┌──
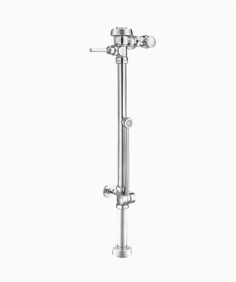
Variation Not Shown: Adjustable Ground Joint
└──
┌──
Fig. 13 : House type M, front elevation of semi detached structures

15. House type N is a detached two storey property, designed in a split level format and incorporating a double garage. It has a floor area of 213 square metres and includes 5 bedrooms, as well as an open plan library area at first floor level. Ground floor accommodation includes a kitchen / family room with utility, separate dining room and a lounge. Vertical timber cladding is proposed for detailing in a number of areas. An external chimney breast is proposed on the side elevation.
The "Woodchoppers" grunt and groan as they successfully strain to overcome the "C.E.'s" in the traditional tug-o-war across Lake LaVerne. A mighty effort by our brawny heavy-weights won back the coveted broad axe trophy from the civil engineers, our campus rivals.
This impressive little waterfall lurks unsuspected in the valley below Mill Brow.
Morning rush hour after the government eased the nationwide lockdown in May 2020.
└──
┌──
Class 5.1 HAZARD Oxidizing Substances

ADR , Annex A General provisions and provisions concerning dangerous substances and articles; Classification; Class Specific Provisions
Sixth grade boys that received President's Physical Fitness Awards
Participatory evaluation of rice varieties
└──
**Instructions for the task:** Where the line holding "15. House type" appears in the listing above, start reproducing exactly, and end with the line holding "Morning rush hour".

**Output of the exercise:**
15. House type N is a detached two storey property, designed in a split level format and incorporating a double garage. It has a floor area of 213 square metres and includes 5 bedrooms, as well as an open plan library area at first floor level. Ground floor accommodation includes a kitchen / family room with utility, separate dining room and a lounge. Vertical timber cladding is proposed for detailing in a number of areas. An external chimney breast is proposed on the side elevation.
The "Woodchoppers" grunt and groan as they successfully strain to overcome the "C.E.'s" in the traditional tug-o-war across Lake LaVerne. A mighty effort by our brawny heavy-weights won back the coveted broad axe trophy from the civil engineers, our campus rivals.
This impressive little waterfall lurks unsuspected in the valley below Mill Brow.
Morning rush hour after the government eased the nationwide lockdown in May 2020.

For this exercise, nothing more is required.